Open kurtseifried opened 2 years ago
@kurtseifried Because the underlying database used by CVE Services is MongoDB and Mongo has a 16MB limit on a single document:
https://www.mongodb.com/docs/manual/reference/limits/#mongodb-limit-BSON-Document-Size
All of the limits in the schema are an attempt for all of the data (when combined into a single record/document) to fit within this limit. If you have supporting media that exceeds the limit in the schema, you could always upload it to wherever you'd like and link to it in references :wink:
Is this 16 megabyte/record limit documented anywhere? Are there other MongoDB limitations we should be aware of? Ditto for other software, e.g. anything else in the CVE pipeline that will result in restrictions?
The descriptions field for example says:
Text in a particular language with optional alternate markup or formatted representation (e.g., Markdown) or embedded media.
Is everything JSON supports available, or are there limitations like Unicode/etc?
It's just a known limitation of BSON document size in Mongo, I don't think it's explicitly noted anywhere in the CVE Services documentation. Note that the largest CVE record currently in existence is a whopping 89 KB :-) Unless we start using CVE records as PDF archives, I don't see us reaching the 16MB limit with text that easily.
As for what you can store in JSON, really anything that passes the schema validation. If it's valid JSON, then it can be stored in Mongo I assume. W/e language you use to construct CVE record JSONs surely has a "json" library that spits out valid JSON with w/e content you include in it (be it unicode or anything else).
Current services architecture using one document object to store all CNA containers. So being mindful that one CNA should not take up all space. If the architecture changes, we can expand the limit (subject to max document size). Target for 6.0.
What could be a strategy to store large descriptions when trying to convert existing CVEs with rich data? Take CVE-2023-38507 for example.
https://osv.dev/vulnerability/GHSA-24q2-59hm-rh9r
The description currently exceeds the 16K limit. The requirement is to produce self contained CVE 5.x records that do not refer to external urls for things like description. Any thoughts?
It's used by very few CVE Records. Should we continue to support this in the schema? If yes, what are the justifications? If yes, how can we increase the size?
From where I sit I think larger descriptions would be very nice to have (see that GHSA linked above as an example).
What could be a strategy to store large descriptions when trying to convert existing CVEs with rich data?
Assuming the entire CVE is stored as a single document then perhaps the individual fields could be unbounded with a size limit placed on the document itself. 16MB for text does feel sufficient for the foreseeable future.

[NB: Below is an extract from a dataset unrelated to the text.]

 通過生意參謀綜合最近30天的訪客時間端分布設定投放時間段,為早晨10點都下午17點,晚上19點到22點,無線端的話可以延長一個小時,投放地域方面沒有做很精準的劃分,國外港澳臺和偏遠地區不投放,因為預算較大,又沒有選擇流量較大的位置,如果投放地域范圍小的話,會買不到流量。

So supportingMedia is either data that can be jammed into JSON (e.g. a text document), or Base64 encoded. One problem: it's limited to 16384 in size, which means with base64 encoding you lose 25% of the space (https://developer.mozilla.org/en-US/docs/Glossary/Base64 "Each Base64 digit represents exactly 6 bits of data."). So that limits it to 12k plus whatever compression you can apply to it. 12k is not a lot of data. Data storage and bandwidth are cheap in 2022, why not up the limit significantly?